Influence of CDR3 length on functional avidity of γ9δ2TCR-transduced T cells

Surprisingly, alanine substitutions during alanine-scanning mutagenesis of γ9δ2TCR G115 could replace large parts of the δCDR3 domain without functional consequences. This raises the possibility that the crucial factor for the differing functional avidities of distinct γ9δ2TCR combinations is not a defined amino acid, but the relative length between the functionally important residues δ2-G115L109 and the structurally important residue δ2-G115L116. Therefore, different δ2-G115 length mutants were generated. Because the triple δ2-G115T113-K115 is also important for stable surface expression (data not shown), 9 length mutants (δ2-G115LM) with 0-12 alanines between δ2-G115L109 and δ2-G115T113 were generated and equally expressed in αβT cells, again in combination with γ9-G115wt (Figure 3A). To determine the functional avidity of δ2-G115LM–transduced T cells, CD4+ TCR-transduced T cells were selected by MACS sorting, and an IFNγ ELISA in response to Daudi was performed in the presence of pamidronate (Figure 3B). Interestingly, engineered T cells expressing δ2-G115LM0 and δ2-G115LM1 were unable to produce IFNγ, and T cells expressing δ-G115LM4 or δ-G115LM12 secreted only approximately half the amount of IFNγ compared with δ2-G115wt–transduced cells. All other mutants (δ2-G115LM2, 3, 5, 6, 9) induced comparable amounts of IFNγ in engineered T cells relative to transductants expressing δ2-G115wt. Mutants with functional impairment (δ2-G115LM0,1,4,12, supplemental Table 2) were further tested against increasing pamidronate concentrations and an EC50 was calculated. Despite different plateaus in maximal IFNγ secretion, all selected δ2-G115LM transduced cells and the wild-type control had a comparable pamidronate-EC50 (approximately 30 pg/mL; Figure 3C). Length mutations were also studied in γCDR3 of γ9δ2TCR G115 by engineering stretches of 1-6 alanines between γ9-G115E108 and γ9-G115E111.1 (γ9-G115LM1-6). However, this did not affect functional avidity (supplemental Figure 3A).

Figure 3

γ9δ2TCR expression and functional avidity of transduced T cells expressing γ9δ2TCR G115 with δ2-CDR3 length mutations. (A) γ9δ2TCR expression of indicated transductants was analyzed by flow cytometry using a γδTCR-pan Ab. Shown is the fold change in mean fluorescent intensity (MFI) compared with wild-type controls expressing δ2-G115wt. (B) IFNγ secretion of δ2-G115LM–transduced T cells against the tumor target Daudi (E:T, 1:1) was measured by ELISA after 24 hours of incubation in the presence of 100μM pamidronate.

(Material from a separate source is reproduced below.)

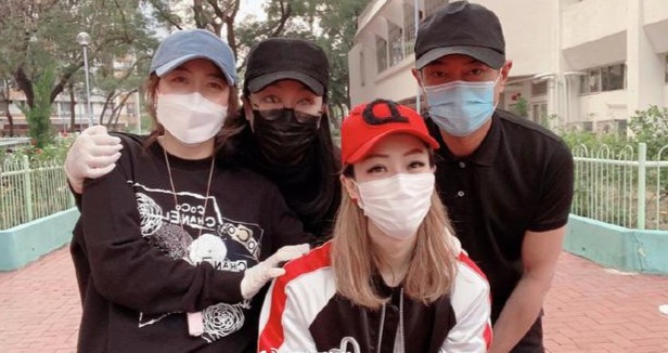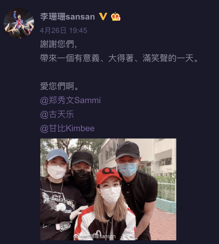 4月26日,1996年香港姐选举的冠军李珊珊在社交平台上与郑秀文、古天乐、甘比分享了一张照片,前往社区做志愿者工作。他还感谢了他们三个。

Shown is the fold change in IFNγ production compared with reactivity of transductants expressing δ2-G115wt. (C) Transductants expressing δ2-G115LM0,1,4,12 were tested in a titration assay against the tumor target Daudi with increasing amounts of pamidronate as indicated. IFNγ production was measured after 24 hours by ELISA. (D) Generated δ2-G115LMs were matched in a BLAST search with γ9δ2TCRs described in the IMGT database. Shown is the number of citations compared with δ2-G115LM of similar δCDR3 length. (E) Transductants with δ2-G115LM2,4,6 were compared side-by-side with transductants expressing individual γ9δ2TCRs of the same δCDR3 length. IFNγ secretion of transduced T cells against the tumor target Daudi (E:T, 1:1) was measured by ELISA after 24 hours in the presence of 100μM pamidronate. Shown is the fold change in IFNγ production compared with reactivity of transductants expressing δ2-G115wt. Data represent the means ± SD. **P < .01; and **P < .001 by 1-way ANOVA. (F) Crystal structure of γ9δ2TCR G115; the region that was used for alanine stretches within δCDR3 is shown in white, the residual δCDR3 in green, the δ chain in blue, and the γ chain in brown.

Figure 3

γ9δ2TCR expression and functional avidity of transduced T cells expressing γ9δ2TCR G115 with δ2-CDR3 length mutations. (A) γ9δ2TCR expression of indicated transductants was analyzed by flow cytometry using a γδTCR-pan Ab. Shown is the fold change in mean fluorescent intensity (MFI) compared with wild-type controls expressing δ2-G115wt. (B) IFNγ secretion of δ2-G115LM–transduced T cells against the tumor target Daudi (E:T, 1:1) was measured by ELISA after 24 hours of incubation in the presence of 100μM pamidronate. Shown is the fold change in IFNγ production compared with reactivity of transductants expressing δ2-G115wt. (C) Transductants expressing δ2-G115LM0,1,4,12 were tested in a titration assay against the tumor target Daudi with increasing amounts of pamidronate as indicated. IFNγ production was measured after 24 hours by ELISA. (D) Generated δ2-G115LMs were matched in a BLAST search with γ9δ2TCRs described in the IMGT database. Shown is the number of citations compared with δ2-G115LM of similar δCDR3 length. (E) Transductants with δ2-G115LM2,4,6 were compared side-by-side with transductants expressing individual γ9δ2TCRs of the same δCDR3 length. IFNγ secretion of transduced T cells against the tumor target Daudi (E:T, 1:1) was measured by ELISA after 24 hours in the presence of 100μM pamidronate. Shown is the fold change in IFNγ production compared with reactivity of transductants expressing δ2-G115wt. Data represent the means ± SD. **P < .01; and **P < .001 by 1-way ANOVA. (F) Crystal structure of γ9δ2TCR G115; the region that was used for alanine stretches within δCDR3 is shown in white, the residual δCDR3 in green, the δ chain in blue, and the γ chain in brown.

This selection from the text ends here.